I thought I’d add this section to briefly discuss some key concepts

Why Do We Want a Mesh

Structure and Control.

Let’s elaborate. Gaussian Splatting can be thought of as a new way of reconstructing point clouds, without relying on the hard geometry. But, as a tradeoff, we don’t get any surfaces. GS also introduces an issue with deterministic reconstruction of a scene, but we’ll talk about that more in dynamic gaussians. Here though, even for a single scene, incorporating the output of vanilla 3DGS into traditional graphics pipelines is challenging.

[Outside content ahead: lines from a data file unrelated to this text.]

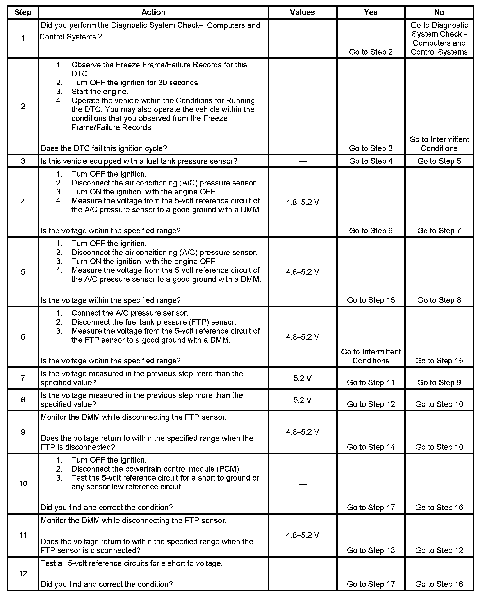 - The PCM detects a voltage out of tolerance condition on the 5-volt reference circuit.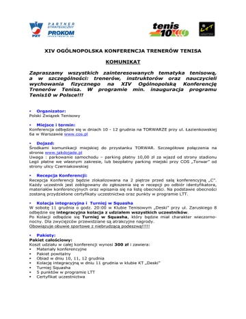 XIV OGÓLNOPOLSKA KONFERENCJA TRENERÓW TENISA KOMUNIKAT Zapraszamy wszystkich zainteresowanych tematyka tenisową, a w szczególności: trenerów, instruktorów oraz nauczycieli wychowania fizycznego na XIV Ogólnopolską Konferencję Trenerów Tenisa. W programie min. inauguracja programu Tenis10 w Polsce!!! Organizator: Polski Związek Tenisowy Miejsce i termin: Konferencja odbędzie się w dniach 10 - 12 grudnia na TORWARZE przy ul. Łazienkowskiej 6a w Warszawie www.cos.pl Dojazd: Środkami komunikacji miejskiej do przystanku TORWAR. Szczegółowe połączenia na stronie www.jakdojade.pl Uwaga : parkowanie samochodu – parking płatny 10,00 zł za wjazd od strony stadionu Legii płatne we własnym zakresie, lub bezpłatny parking miejski przy COS „Torwar” od strony ulicy Czerniakowskiej Recepcja Konferencji: Recepcja Konferencji będzie zlokalizowana na 2 piętrze przed salą konferencyjną „C”. Każdy uczestnik jest zobligowany do zgłoszenia się w recepcji po odbiór identyfikatora, materiałów konferencyjnych oraz wpisania się na listę obecności. Na podstawie obecności zostaną przydzielone certyfikaty uczestnictwa oraz punkty w programie LTT. Kolacja integracyjna i Turniej w Squasha W sobotę 11 grudnia o godz. 20:00 w Klubie Tenisowym „Deski” przy ul. Zaruskiego 8 odbędzie się integracyjna kolacja z udziałem wszystkich uczestników. Po Kolacji odbędzie się Turniej w Squasha, który będzie miał charakter wieczornonocny. Dla zwycięzców przewidziane są atrakcyjne nagrody. Obowiązuje obuwie sportowe z niebrudzącą podeszwą!!!!! Pakiety: Pakiet całościowy: Koszt udziału w całej konferencji wynosi 300 zł i zawiera: Materiały konferencyjne Pakiet powitalny Obiad w dniu 10, 11, 12 grudnia Kolację integracyjną w dniu 11 grudnia w klubie KT „Deski” Turniej Squasha 5 punktów w programie LTT Certyfikat uczestnictwa Pakiet jednodniowy - piątek 10 grudnia Koszt udziału wynosi 120 zł i zawiera: Materiały konferencyjne Pakiet powitalny Obiad Bufet kawowy 1 punkt w programie LTT Certyfikat uczestnictwa Pakiet jednodniowy - sobota 11 grudnia Koszt udziału wynosi 150 zł i zawiera: Materiały konferencyjne Pakiet powitalny Obiad Bufet kawowy Kolacja integracyjna Turniej Squasha 1 punkt w programie LTT Certyfikat uczestnictwa Pakiet jednodniowy - niedziela 12 grudnia Koszt udziału wynosi 100 zł i zawiera: Materiały konferencyjne Pakiet powitalny Obiad Bufet kawowy 1 punkt w programie LTT Certyfikat uczestnictwa Zniżki W ramach programu LTT trenerzy i instruktorzy posiadający licencję PZT otrzymają 50% zniżki za udział w całej konferencji bądź pojedynczym bloku. Studenci AWFów za okazaniem legitymacji studenckiej otrzymają 25% zniżki za udział w całej konferencji bądź pojedynczym bloku. Uczestnicy bez zniżek Trenerzy LTT - 50% zniżki Pakiet całościowy - 300 zł Piątek - 120 zł Sobota - 150 zł Niedziela - 100 zł Zniżki nie obejmują rezerwacji w Hotelu 150 zł 60 zł 75 zł 50 zł Etap. Studenci AWF - 25 % zniżki 225 zł 90 zł 112,50 zł 75 zł Nocleg Istnieje możliwość rezerwacji noclegu przez PZT w Hotelu Etap www.orbis.pl Cena ze zniżką dla PZT: 90 zł śniadaniem 1 osoba/1 doba w pokoju dwuosobowym Ilość pokoi ograniczona. W przypadku zainteresowania prosimy o kontakt z Katarzyną Posłuszny Zgłoszenia: Zgłoszenia na osobnym formularzu zgłoszeniowym wraz z potwierdzeniem wpłaty na dany pakiet i ew. nocleg prosimy przesyłać: Fax: 22 621 80 01 lub Email: [email protected] Kontakt: Katarzyna Posłuszny tel. 22 629 26 21 wew.111 Termin zgłoszeń: 30 listopada 2010r. Zgłoszenia po terminie dodatkowo +25% ceny.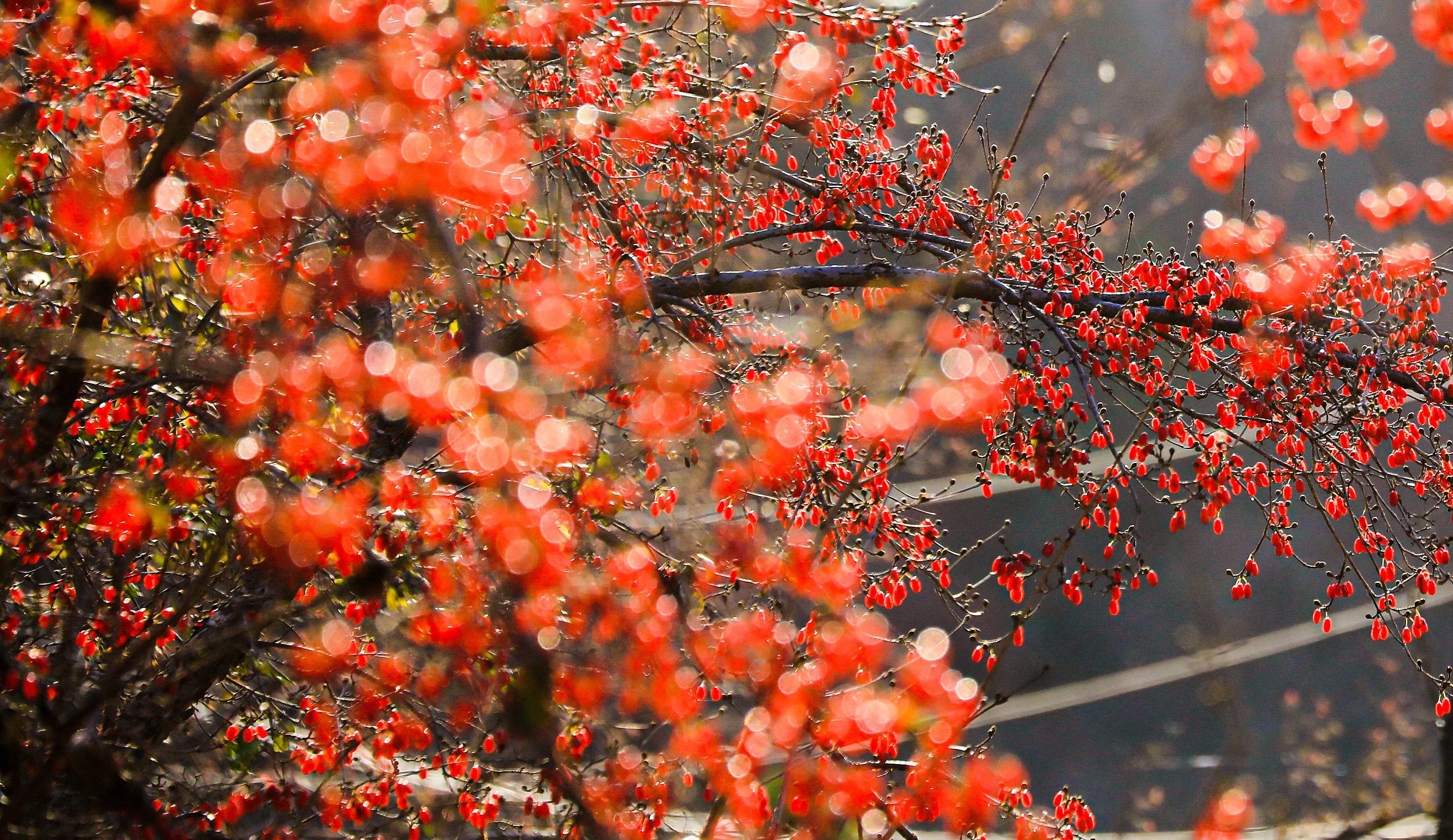 在所有秋色中,有一抹色彩來自漫山遍野的“茱萸紅”。道路旁、清泉邊、土丘上、河道旁,還有人們的院落四周,處處可見顆顆如紅瑪瑙般的山茱萸。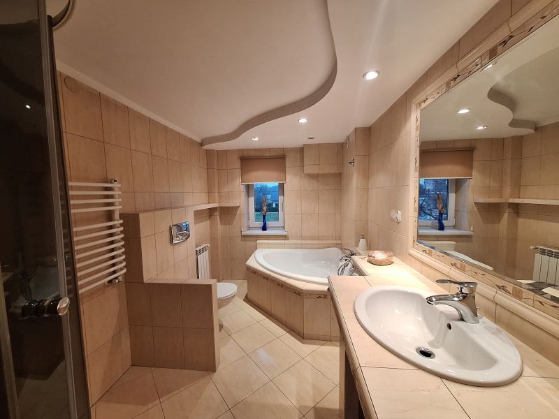 Do sprzedania nieruchomość gruntowa budowlana zabudowana budynkiem mieszkalnym wolnostojącym, dwukondygnacyjnym, o powierzchni użytkowej ok. 220 m2 położona w miejscowości Czaniec, Gmina Porąbka, woj. śląskie. Dom posadowiony jest na działce o powierzchni ok. 987 m2, bezpośrednio przy drodze powiatowej. Budynek z lat 80-tych, dwukondygnacyjny, w całości podpiwniczony (kotłownia, pralnia, pomieszczenia gospodarcze), z garażem w bryle budynku, wykonany z dużą starannością, na bieżąco remontowany i konserwowany. Na I kondygnacji znajduje się hall, cztery komfortowe i przestronne pokoje, w tym salon z wyjściem na balkon, kuchnia w zabudowie, wyposażona, łazienka z WC oraz dodatkowo osobne WC. Na II kondygnacji znajduje się hall, cztery przestronne i jasne pokoje, w tym jeden z wyjściem na balkon, pomieszczenie przeznaczone pod kuchnie, łazienka połączona z WC, wyjście na taras. Wewnątrz znajdują się schody wykonane z lastryka, w pomieszczeniach panele podłogowe, płytki oraz wykładzina. Stolarka okienna PCV, drzwi zewnętrzne drewniane. Budynek wykonany metodą tradycyjną, z cegły, z jednej strony ocieplony styropianem, pokryty tynkiem akrylowym. Dach płaski, pokryty papą, ocieplony. Budynek wyposażony w instalację wodną, elektryczną, gazową, kanalizacyjną. Ogrzewanie budynku węglowe, istnieje możliwość podłączenia pieca gazowego. Dodatkowo nieruchomość posiada także własną studnię.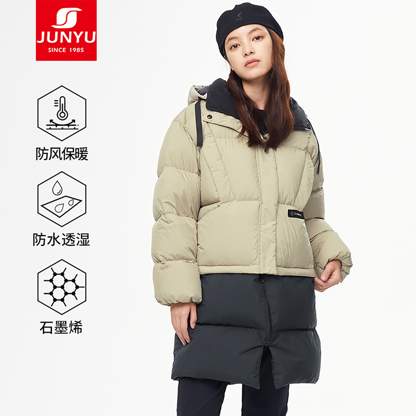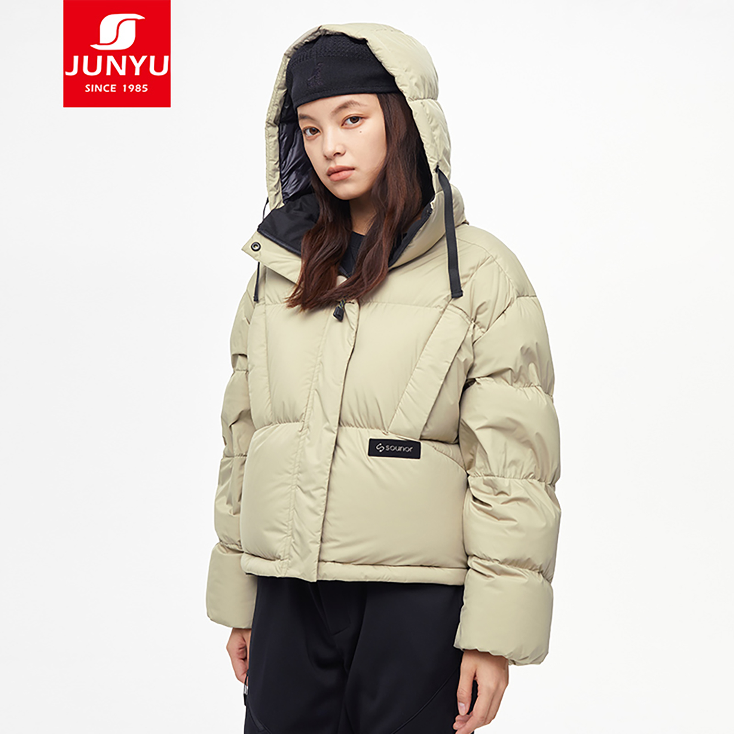 保暖连帽鸭绒轻薄外套 反季 佟丽娅明星同款 鸭鸭登山羽绒服女短冬季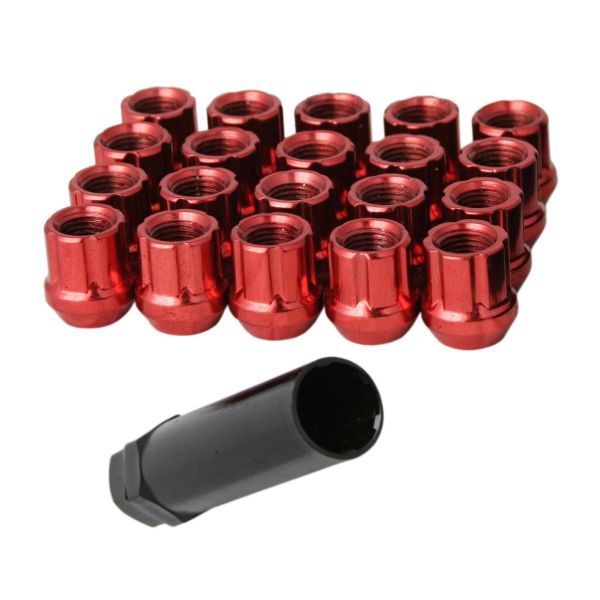 20pc 12x1.25 Spline Lug Nuts w/ Locking Key | Cone Seat | Short Open End | Red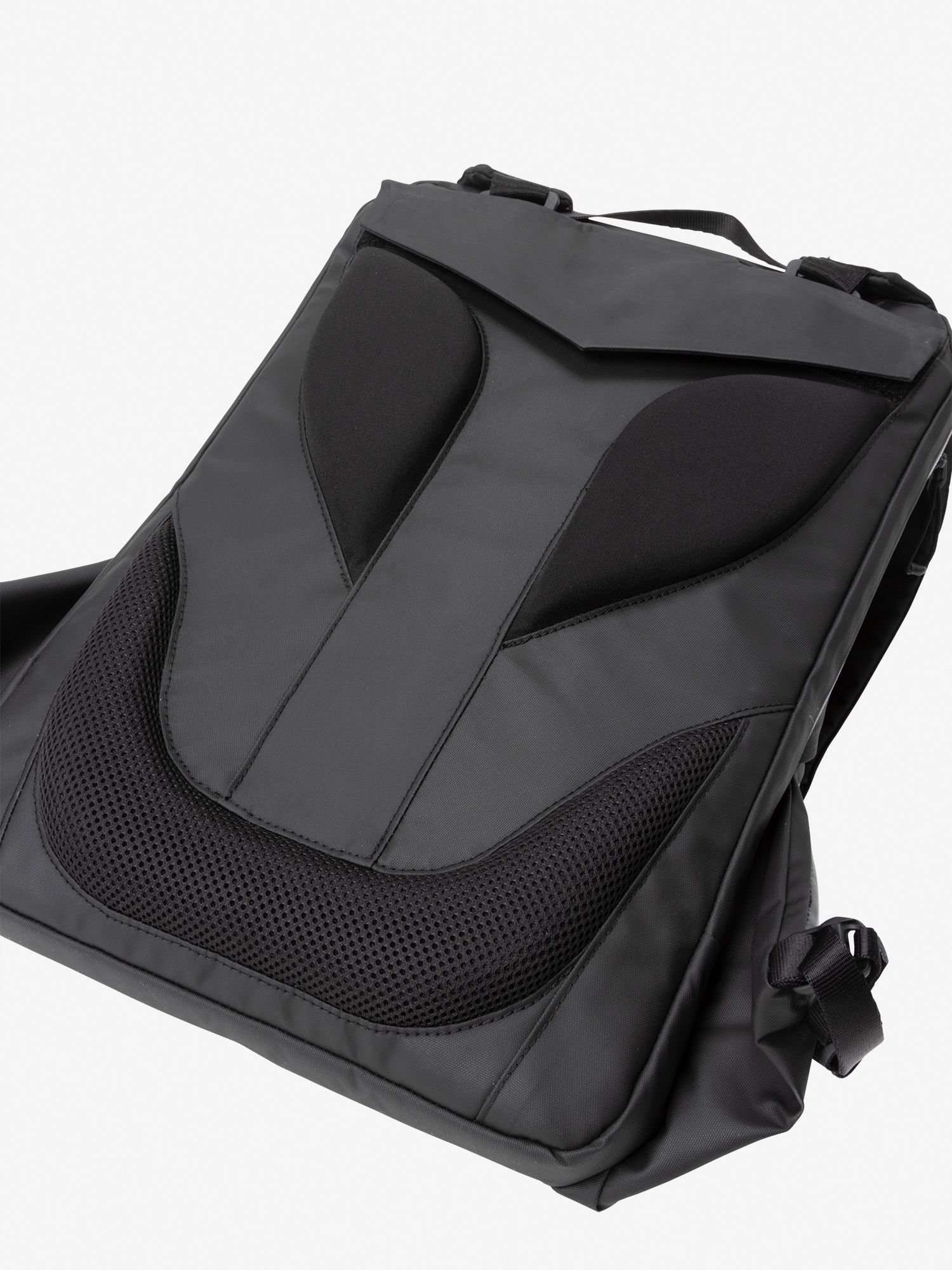 Материал изготовлен из водоотталкивающего и прочного нейлона плотностью 420 ден, обработанного карбонатом. Посадка, вдохновленная беговыми рюкзаками, стабильна и удобна в ношении, а спинка разработана для комфортной посадки и воздухопроницаемости. Основание плечевых лямок регулируется с помощью направляющих, что позволяет настроить посадку под ваше тело.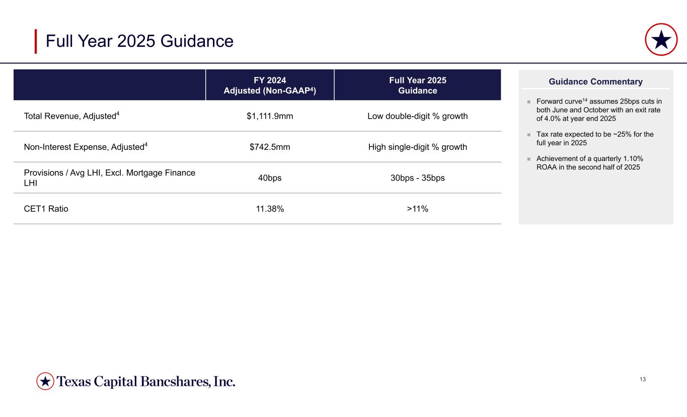©2025年德州Capital银行成员FDIC 2025年4月17日Q1-2025收益

This goes back to what we saw in GaMeS that the reason we need a mesh is to be able to deform it for animation. Meshes offer an well-structured representation of an object’s geometry. For scenarios that require interactivity and manipulation, such as gaming or film animations, having a mesh is beneficial (the book Physically Based Rendering: From Theory To Implementation helped me see how PBR has been used in films with some stunning visual examples). In character animation, meshes are essential for rigging. Meshes are also convenient for physical simulations, such as collisions and deformations.

When Does Surface Reconstruction Struggle

I’m going to try and look at this from my understanding of the fundamentals.

Let us start with the physically-correct way of rendering. My understanding is that physically-correct rendering means the system simulates how light behaves in the real world. And, to add to this, according to the pbrt book: ray tracing is conceptually a simple algorithm; it is based on following the path of a ray of light through a scene as it interacts with and bounces off objects in an environment. So, in physically-correct rendering, we have to consider properties such as refractions, light scattering at surfaces, indirect light transport, ray propogation and more.

Surface meshes, on the other hand, are designed for computational efficiency, not accuracy in light simulation. Here, we assume that objects are composed of hard surfaces. By reconstructing our Gaussians to surfaces entirely, we lose their inherent volumetric properties. So it becomes much harder to recover volumetric effects (fire/smoke), or fuzzy materials (hair/grass). With just surfaces, its much difficult to model the physical properties of light. For example, in this image, I believe we would not be able to model the interaction of light underneath the the snow if we just considered the surface representation.


this concludes my notes on the paper SuGaR: Surface-Aligned Gaussian Splatting for Efficient 3D Mesh Reconstruction and High-Quality Mesh Rendering.